(INFORMATION PROVIDED begins)
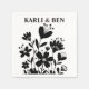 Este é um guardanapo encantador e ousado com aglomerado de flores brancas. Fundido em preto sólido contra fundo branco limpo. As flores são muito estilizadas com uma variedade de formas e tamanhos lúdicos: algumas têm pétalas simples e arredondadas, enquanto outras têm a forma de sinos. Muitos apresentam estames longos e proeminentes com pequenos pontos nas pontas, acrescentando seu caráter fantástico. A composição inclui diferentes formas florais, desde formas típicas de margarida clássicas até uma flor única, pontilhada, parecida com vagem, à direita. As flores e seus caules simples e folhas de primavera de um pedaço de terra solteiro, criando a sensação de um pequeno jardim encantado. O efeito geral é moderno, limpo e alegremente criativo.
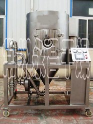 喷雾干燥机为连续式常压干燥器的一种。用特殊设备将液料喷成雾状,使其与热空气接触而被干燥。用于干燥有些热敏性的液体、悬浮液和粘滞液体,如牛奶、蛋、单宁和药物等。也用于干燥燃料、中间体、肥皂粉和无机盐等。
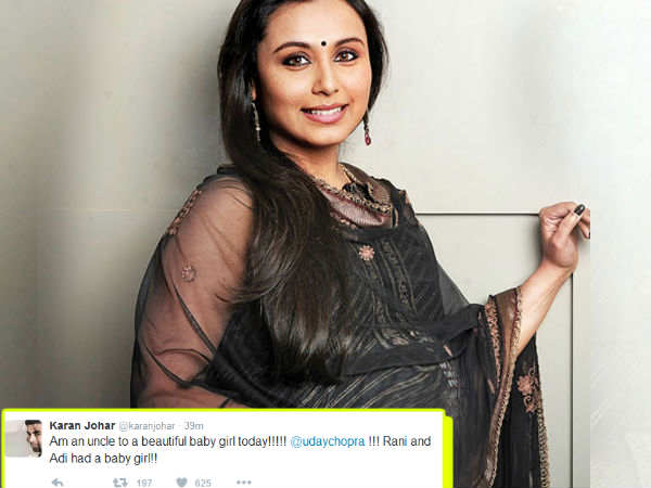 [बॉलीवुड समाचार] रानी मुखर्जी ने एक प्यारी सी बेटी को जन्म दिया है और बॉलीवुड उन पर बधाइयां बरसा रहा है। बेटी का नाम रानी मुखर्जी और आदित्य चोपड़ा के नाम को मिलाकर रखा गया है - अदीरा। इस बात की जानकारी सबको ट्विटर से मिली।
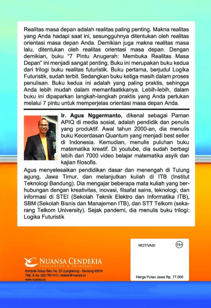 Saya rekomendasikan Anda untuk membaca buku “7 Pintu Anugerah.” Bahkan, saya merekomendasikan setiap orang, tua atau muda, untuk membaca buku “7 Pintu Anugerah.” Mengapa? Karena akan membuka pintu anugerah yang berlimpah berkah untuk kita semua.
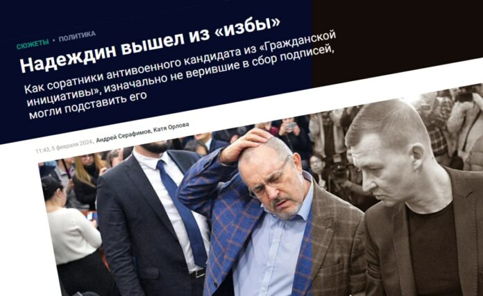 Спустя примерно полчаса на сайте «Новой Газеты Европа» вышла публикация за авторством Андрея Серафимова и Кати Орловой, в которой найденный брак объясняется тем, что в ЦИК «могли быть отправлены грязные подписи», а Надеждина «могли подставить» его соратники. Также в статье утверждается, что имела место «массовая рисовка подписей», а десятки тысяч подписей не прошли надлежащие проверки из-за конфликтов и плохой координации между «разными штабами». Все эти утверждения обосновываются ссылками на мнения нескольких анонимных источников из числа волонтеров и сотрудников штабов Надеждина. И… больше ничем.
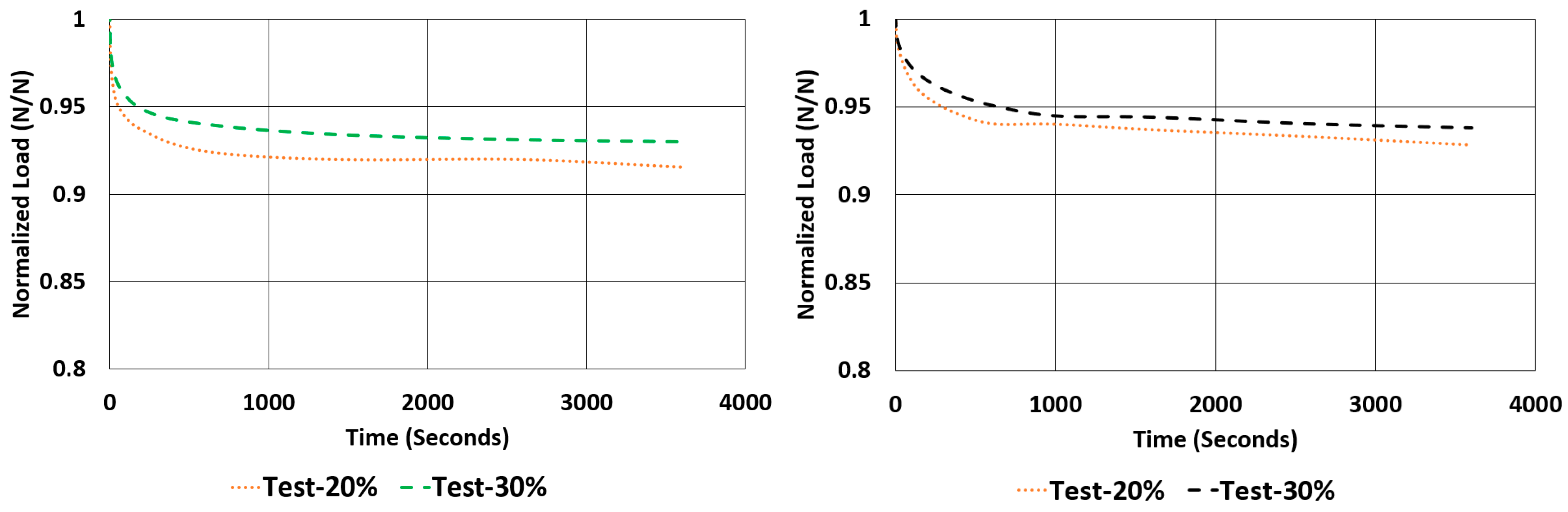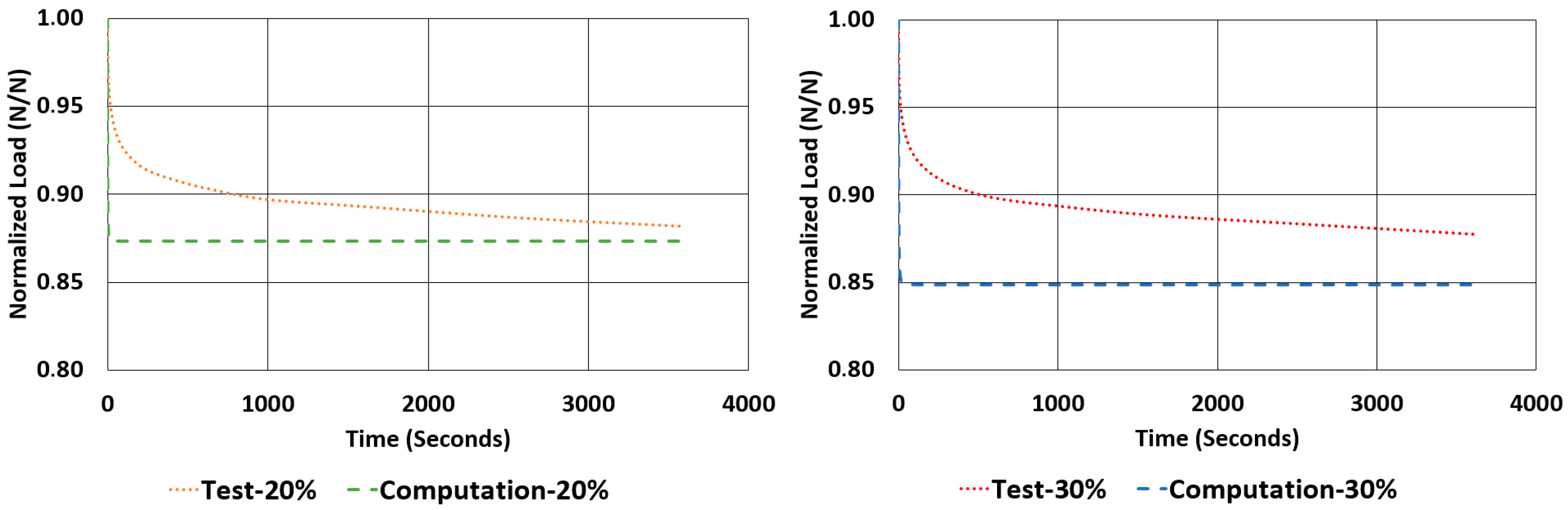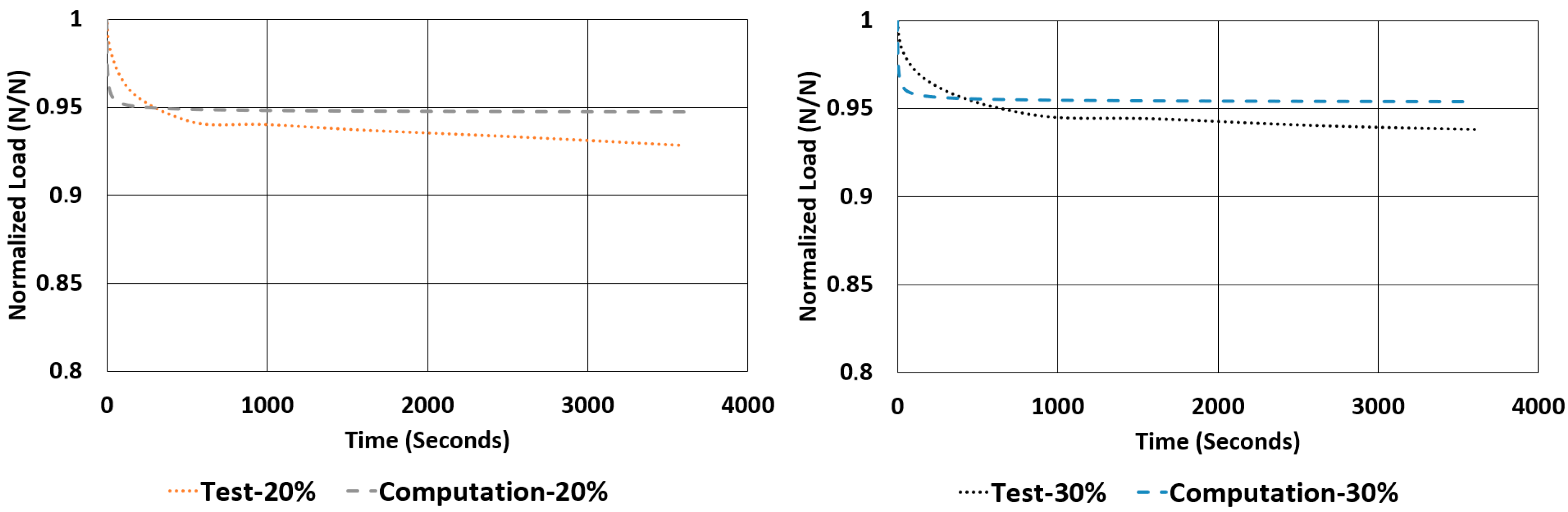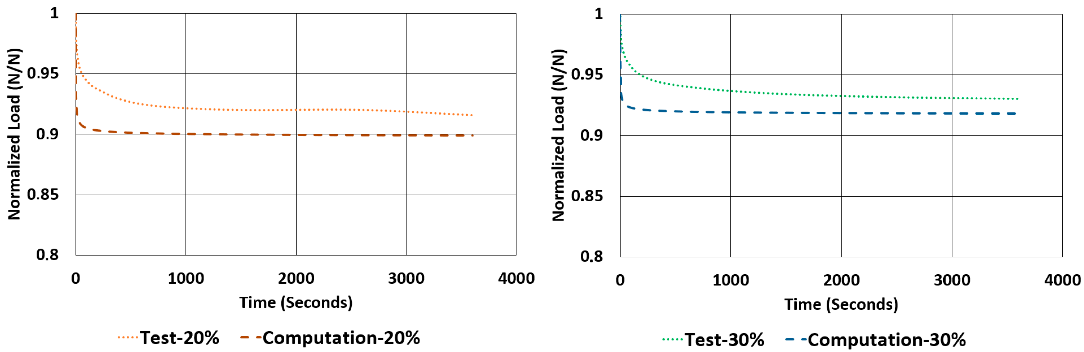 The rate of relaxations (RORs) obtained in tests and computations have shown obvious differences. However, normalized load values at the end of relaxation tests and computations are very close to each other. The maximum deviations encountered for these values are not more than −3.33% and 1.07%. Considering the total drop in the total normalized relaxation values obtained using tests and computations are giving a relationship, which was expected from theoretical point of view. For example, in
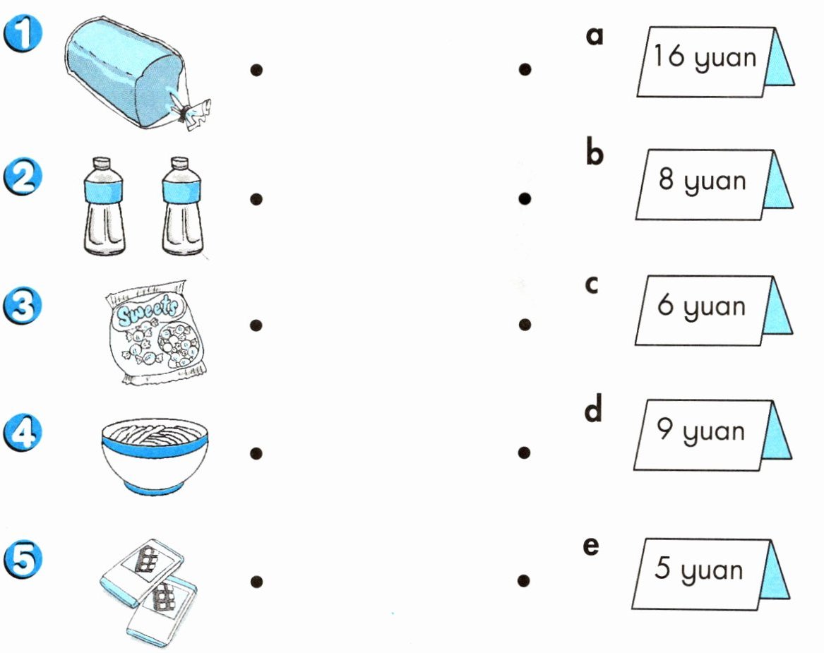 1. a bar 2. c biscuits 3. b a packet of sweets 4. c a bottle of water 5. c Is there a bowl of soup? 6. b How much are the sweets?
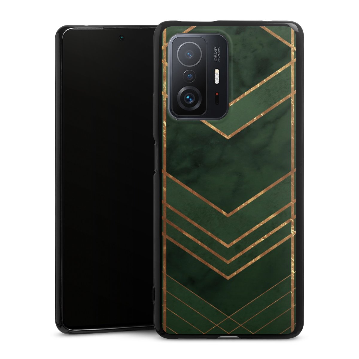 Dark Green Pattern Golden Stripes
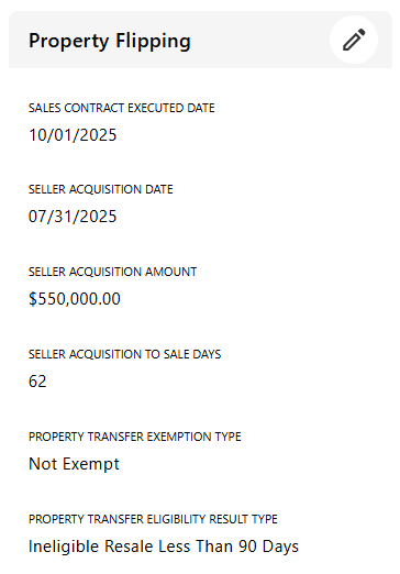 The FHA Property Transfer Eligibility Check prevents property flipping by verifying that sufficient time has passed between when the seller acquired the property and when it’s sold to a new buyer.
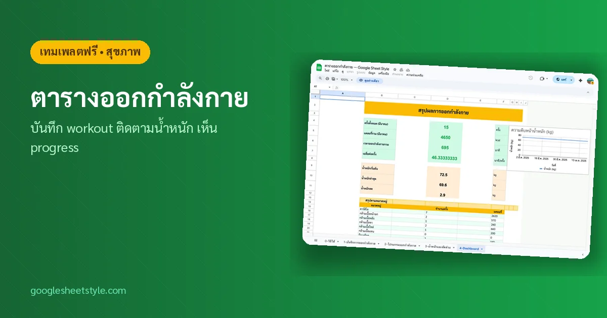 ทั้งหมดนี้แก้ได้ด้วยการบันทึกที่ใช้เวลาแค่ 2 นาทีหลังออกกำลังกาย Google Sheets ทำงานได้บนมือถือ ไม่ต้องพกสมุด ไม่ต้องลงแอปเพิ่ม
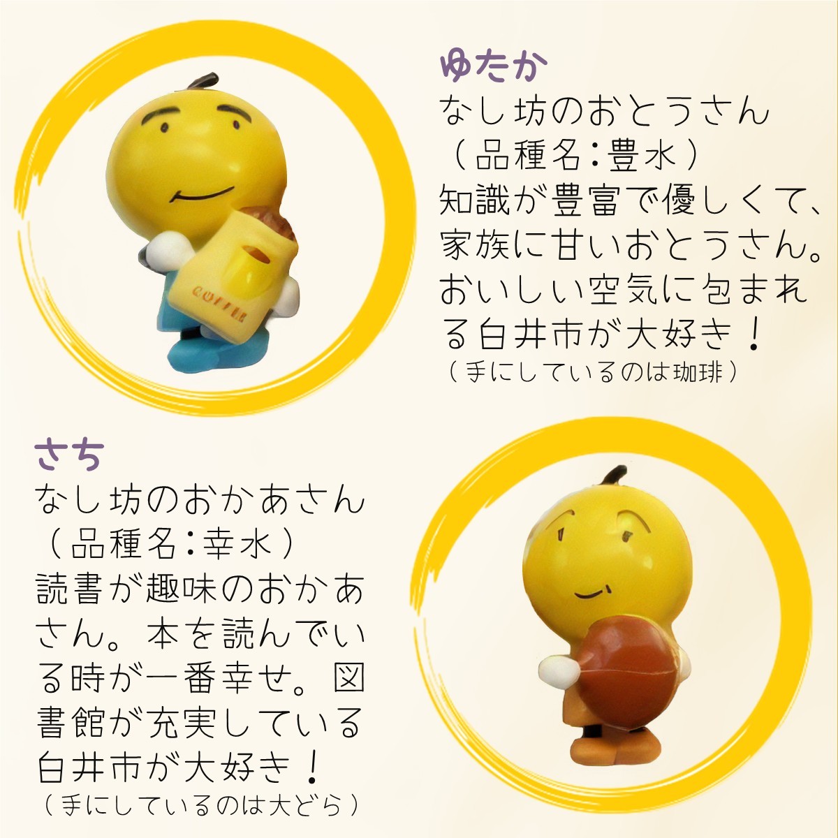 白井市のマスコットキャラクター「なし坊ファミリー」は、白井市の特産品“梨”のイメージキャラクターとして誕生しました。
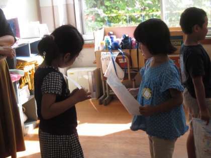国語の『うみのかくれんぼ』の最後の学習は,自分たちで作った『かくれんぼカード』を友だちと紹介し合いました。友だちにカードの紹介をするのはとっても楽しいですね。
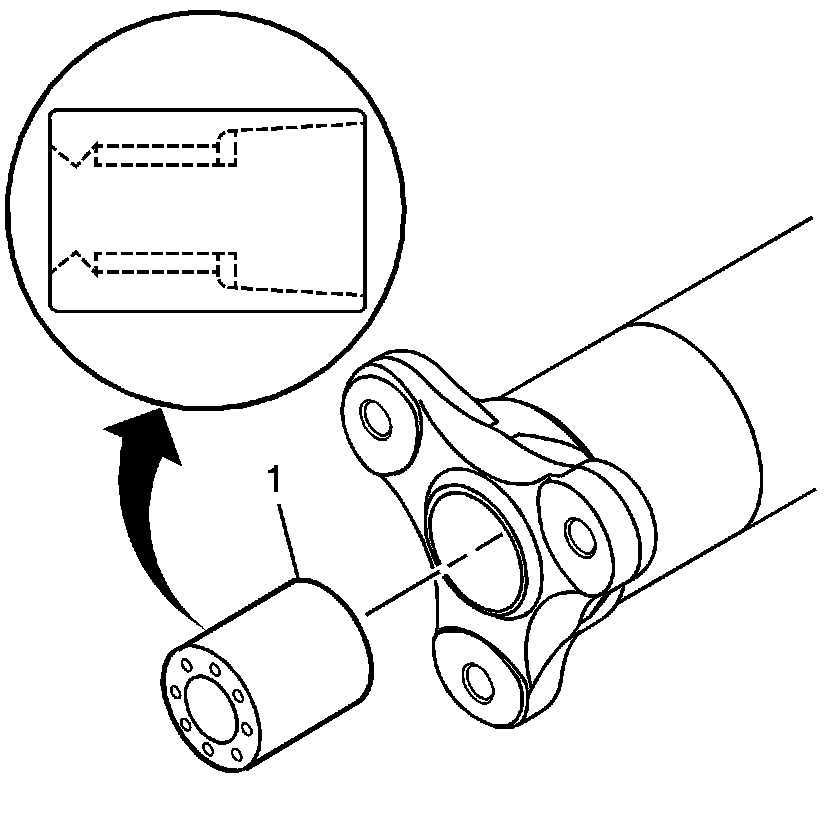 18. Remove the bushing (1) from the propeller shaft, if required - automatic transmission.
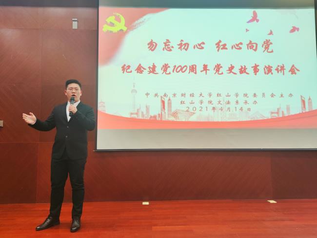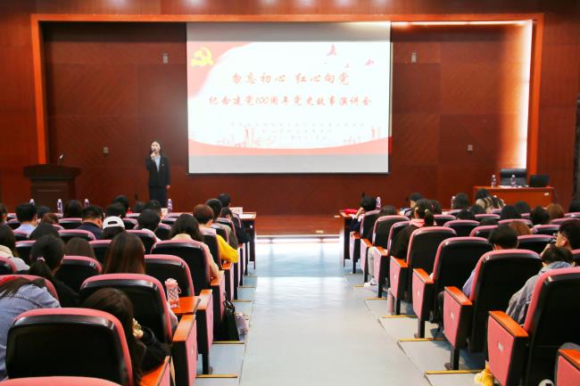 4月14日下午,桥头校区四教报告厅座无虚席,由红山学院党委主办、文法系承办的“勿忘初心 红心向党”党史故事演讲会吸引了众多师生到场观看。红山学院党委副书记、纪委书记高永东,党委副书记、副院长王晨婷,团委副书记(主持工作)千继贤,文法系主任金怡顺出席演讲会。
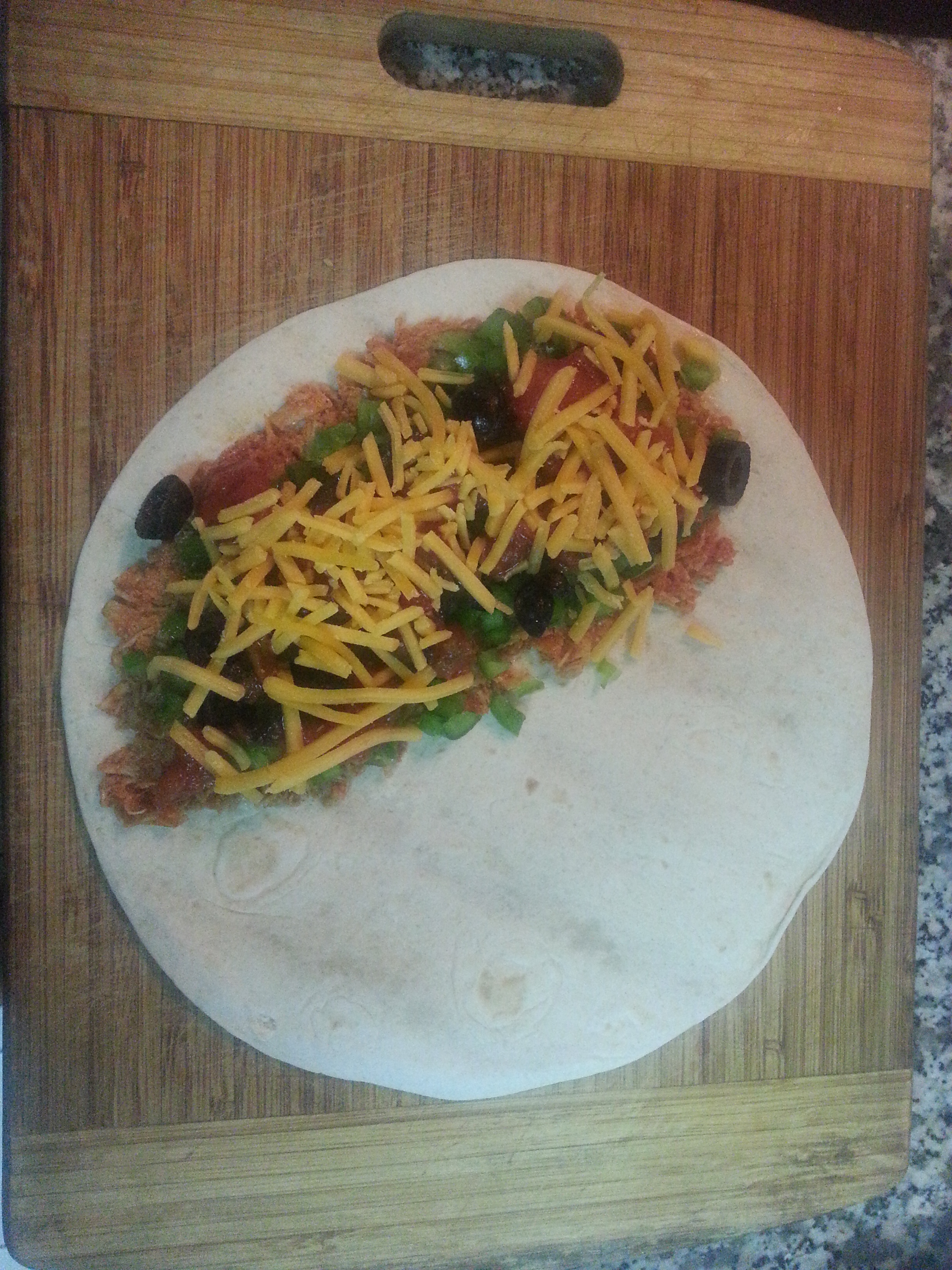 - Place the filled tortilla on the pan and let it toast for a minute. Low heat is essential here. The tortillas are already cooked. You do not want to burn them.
(INFORMATION PROVIDED ends)
### WHAT THE EXERCISE ASKS
Word for word, write out the lines above running from the one with "喷雾干燥机为连续式常压干燥器" up to and including the one with "Saya rekomendasikan Anda". Drop any picture.

### YOUR SOLUTION
 喷雾干燥机为连续式常压干燥器的一种。用特殊设备将液料喷成雾状,使其与热空气接触而被干燥。用于干燥有些热敏性的液体、悬浮液和粘滞液体,如牛奶、蛋、单宁和药物等。也用于干燥燃料、中间体、肥皂粉和无机盐等。
 [बॉलीवुड समाचार] रानी मुखर्जी ने एक प्यारी सी बेटी को जन्म दिया है और बॉलीवुड उन पर बधाइयां बरसा रहा है। बेटी का नाम रानी मुखर्जी और आदित्य चोपड़ा के नाम को मिलाकर रखा गया है - अदीरा। इस बात की जानकारी सबको ट्विटर से मिली।
 Saya rekomendasikan Anda untuk membaca buku “7 Pintu Anugerah.” Bahkan, saya merekomendasikan setiap orang, tua atau muda, untuk membaca buku “7 Pintu Anugerah.” Mengapa? Karena akan membuka pintu anugerah yang berlimpah berkah untuk kita semua.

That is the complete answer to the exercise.